Тот опустил голову, сердитый, упрямый.

— Инквизиция, — пробормотал он, — засадила бы меня за целую кучу других вещей, помимо астрономии.

— Но теперь уже этого не делают, — сказал Куарт, вспомнив кардинала Ивашкевича.

— Ну, уж наверняка не от отсутствия желания.

Впервые они рассмеялись все вместе — даже отец Ферро, сначала нехотя, а потом уж так же добродушно, как в прошлый раз. Похоже, Куарт своим разговором об астрономии сумел немного приблизиться к нему. Макарена понимала это и казалась удовлетворенной. Она смотрела то на одного, то на другого священника; ее глаза снова отливали медом, и она выглядела счастливой, смеясь своим звонким, искренним, мальчишечьим смехом. Потом она предложила отцу Ферро показать Куарту голубятню.

Латунный телескоп блестел рядом с мавританскими арками, образующими галерею со всех четырех сторон башни. Внизу простирались черепичные крыши Санта-Круса. Вдали, среди телевизионных антенн и голубиных стай, носившихся туда-сюда, виднелись Хиральда, Золотая башня и часть Гвадалквивира с голубыми силуэтами цветущих жакаранд на его берегах. Остальные части пейзажа, созерцая который томилась у окна сто лет назад Карлота Брунер, занимали современные здания из бетона, металла и стекла. Не было видно никаких белых парусов, никаких кораблей, покачивающихся на воде, а четыре бельведера Архива Вест-Индии напоминали забытых часовых, охраняющих бумагу, пыль и память умершего времени.

— Прекрасное место, — сказал Куарт.

Отец Ферро не ответил. Достав из кармана свой грязный платок, он протирал трубу телескопа, дыша на нее. Телескоп был азимутальный, очень старый, почти двухметровой длины, и стоял на деревянной треноге. Длинная латунная труба и все металлические части были тщательно отполированы и сверкали под лучами солнца, которое, медленно двигаясь над Трианой, уходило к другому берегу. В голубятне было не много интересного: пара кожаных, пострадавших от времени кресел, письменный стол со множеством ящиков, лампа, гравюра XVII века на стене, изображающая Севилью, и несколько книг в кожаных переплетах — Толстой, Достоевский, Кеведо, Гейне, Гальдос, Бласко Ибаньес, Валье-Инклан и трактаты по космографии, небесной механике и астрофизике. Куарт подошел, чтобы рассмотреть их поближе: Птолемей, Порта, Альфонсо де Кордоба. Некоторые издания были очень старинными.

— Никогда бы не подумал, — заметил он. — Я имею в виду вас и все это.

Он говорил примирительным тоном, притом не лишенным искренности. В течение последних часов кое-что в его мнении относительно отца Ферро быстро изменялось. Старик, в свою очередь, тер телескоп с таким старанием, как будто внутри этой латунной трубы спал гений, в компетенции которого находились ответы на все вопросы. Спустя мгновение после того, как прозвучали слова Куарта, он пожал плечами под своей сутаной, такой изношенной и усеянной пятнами, что она казалась не черной, а, скорее, серой. Любопытный контраст, отметил Куарт: этот маленький, неухоженный священник и огромный инструмент, который он так тщательно полировал до блеска собственным носовым платком.
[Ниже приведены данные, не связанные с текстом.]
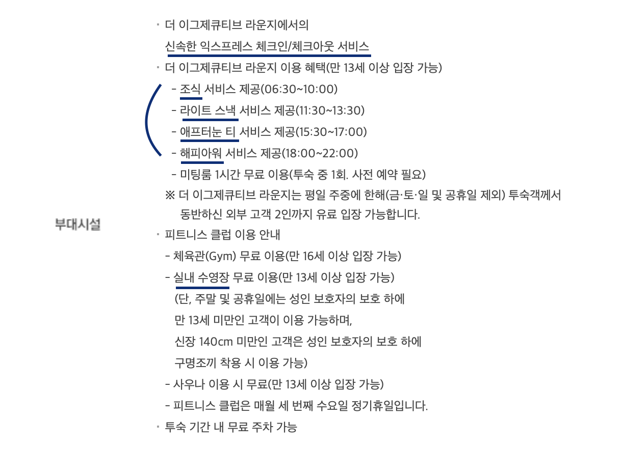 빠른 체크인/체크아웃, 실내 수영장/사우나/체육관 무료 등 다양한 항목이 있지만 뭐니 뭐니 해도 혜택의 꽃은 라운지 이용입니다.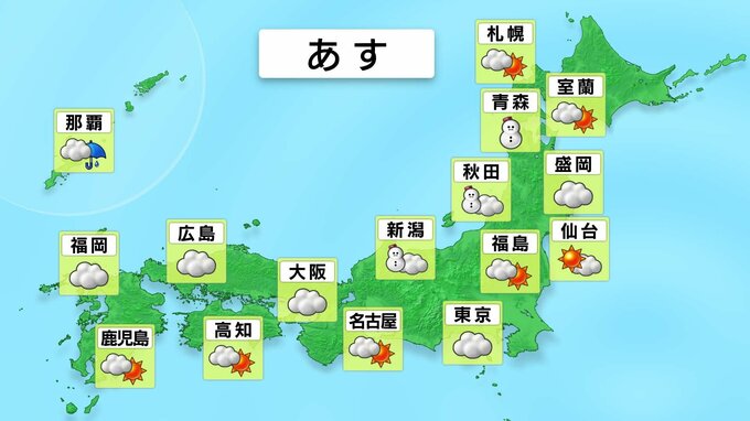 発達中の低気圧がオホーツク海を北東に進み、日本付近は強い冬型の気圧配置となる見込みです。北海道地方では、猛ふぶきや吹きだまりによる交通障害、暴風に、中国地方と近畿地方では、大雪による交通障害に警戒してください。また、北日本から西日本では大雪による交通障害に、全国的に強風や風雪、高波に注意・警戒してください。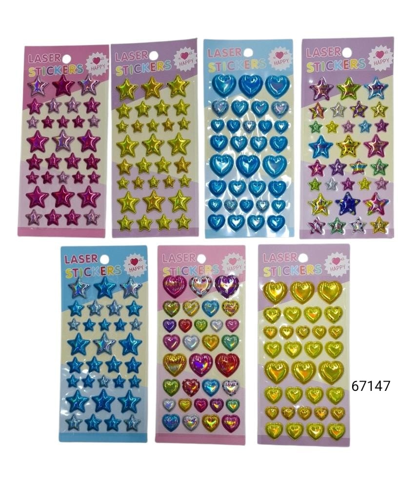 Stickers Corazones-Estrellas con relieve color metalizados

— Я люблю смотреть на небо ночью, — наконец проговорил старик. — Сеньора герцогиня и ее дочь разрешают мне приходить сюда на пару часов каждый день, после ужина. Я могу подниматься сюда прямо со двора, не беспокоя никого.

Куарт прикоснулся к корешку одной из книг. «О физиономии небес», 1616 год. Рядом стояли «Астрономические таблицы», о которых ему никогда и слышать не приходилось. Грубый деревенский священник, сказал Его Преосвященство Акилино Корво. Куарт усмехнулся, листая таблицы.

— Когда вы пристрастились к этому?

Отец Ферро, казалось наконец удовлетворенный состоянием телескопа, спрятал свой платок в карман и теперь, повернувшись к Куарту, с опаской следил за его движениями. Секунду помедлив, он забрал у него книгу и водворил ее на место.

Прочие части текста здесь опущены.